**RECORDS SUPPLIED:**

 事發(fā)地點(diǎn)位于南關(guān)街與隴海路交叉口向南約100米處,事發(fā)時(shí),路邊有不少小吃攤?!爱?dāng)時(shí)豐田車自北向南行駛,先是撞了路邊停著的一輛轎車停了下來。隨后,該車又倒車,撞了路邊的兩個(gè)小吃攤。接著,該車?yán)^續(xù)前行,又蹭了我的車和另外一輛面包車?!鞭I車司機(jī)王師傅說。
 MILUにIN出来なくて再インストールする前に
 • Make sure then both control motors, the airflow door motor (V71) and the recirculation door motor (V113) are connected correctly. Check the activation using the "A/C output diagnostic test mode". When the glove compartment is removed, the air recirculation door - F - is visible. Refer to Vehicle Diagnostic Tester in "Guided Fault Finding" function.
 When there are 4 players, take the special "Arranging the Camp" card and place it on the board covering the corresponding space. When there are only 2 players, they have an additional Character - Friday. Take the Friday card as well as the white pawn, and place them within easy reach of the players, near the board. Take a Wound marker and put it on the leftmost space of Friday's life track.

--

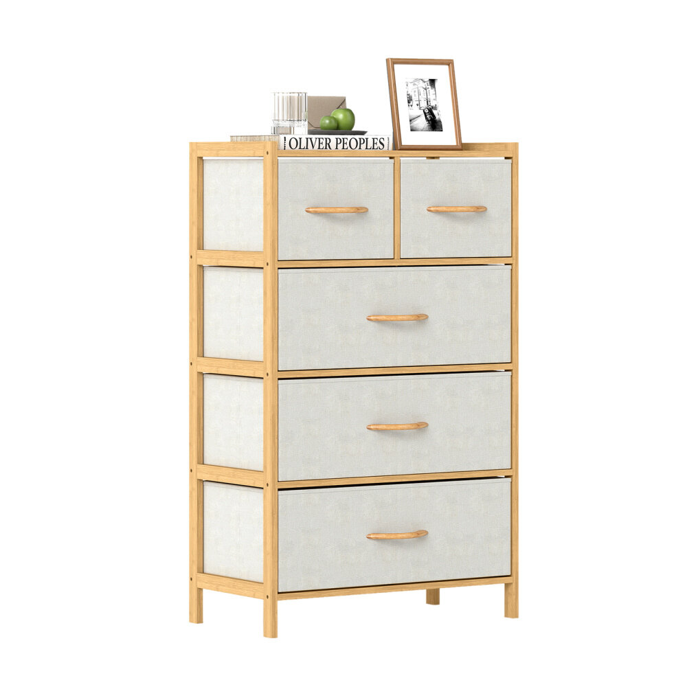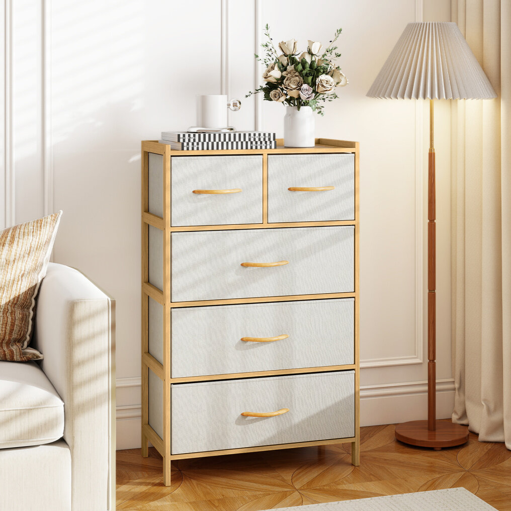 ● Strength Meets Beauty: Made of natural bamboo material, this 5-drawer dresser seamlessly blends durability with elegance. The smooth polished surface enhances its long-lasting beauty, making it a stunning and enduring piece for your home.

* * *

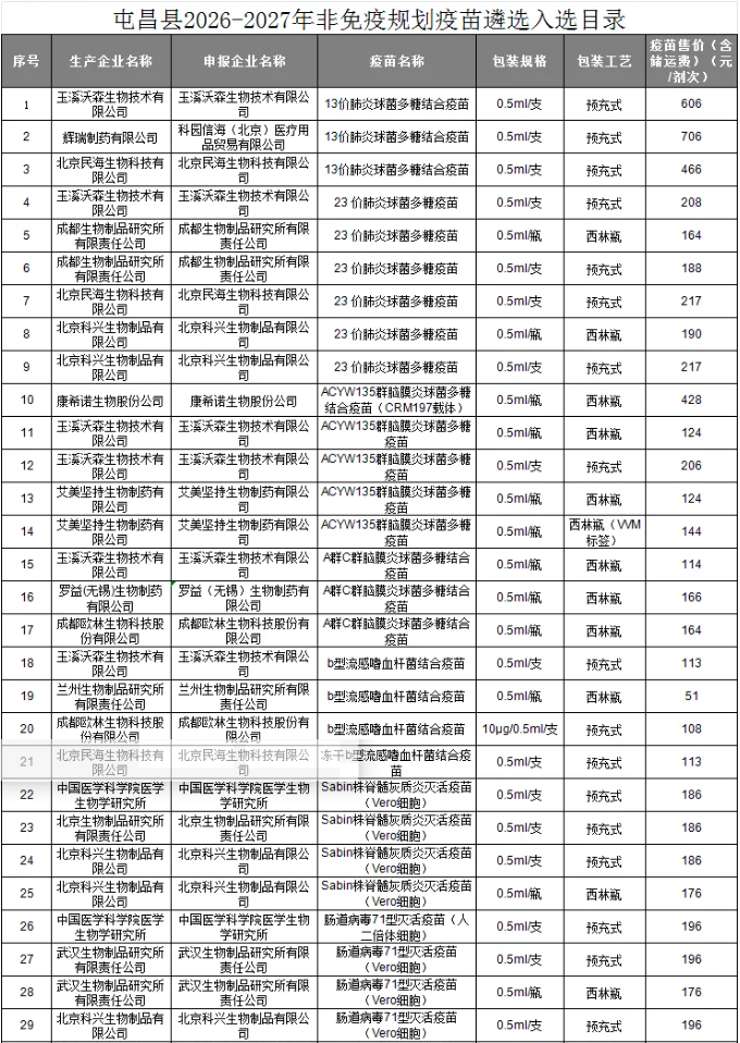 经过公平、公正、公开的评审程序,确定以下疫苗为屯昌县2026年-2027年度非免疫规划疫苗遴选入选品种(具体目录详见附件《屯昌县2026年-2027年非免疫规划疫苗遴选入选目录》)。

**TASK STATEMENT:** Reproduce exactly, and only, the part of the listing above that begins at the line with "事發(fā)地點(diǎn)" and goes on through the line with "When there are 4".

**TASK RESULT:**
 事發(fā)地點(diǎn)位于南關(guān)街與隴海路交叉口向南約100米處,事發(fā)時(shí),路邊有不少小吃攤?!爱?dāng)時(shí)豐田車自北向南行駛,先是撞了路邊停著的一輛轎車停了下來。隨后,該車又倒車,撞了路邊的兩個(gè)小吃攤。接著,該車?yán)^續(xù)前行,又蹭了我的車和另外一輛面包車?!鞭I車司機(jī)王師傅說。
 MILUにIN出来なくて再インストールする前に
 • Make sure then both control motors, the airflow door motor (V71) and the recirculation door motor (V113) are connected correctly. Check the activation using the "A/C output diagnostic test mode". When the glove compartment is removed, the air recirculation door - F - is visible. Refer to Vehicle Diagnostic Tester in "Guided Fault Finding" function.
 When there are 4 players, take the special "Arranging the Camp" card and place it on the board covering the corresponding space. When there are only 2 players, they have an additional Character - Friday. Take the Friday card as well as the white pawn, and place them within easy reach of the players, near the board. Take a Wound marker and put it on the leftmost space of Friday's life track.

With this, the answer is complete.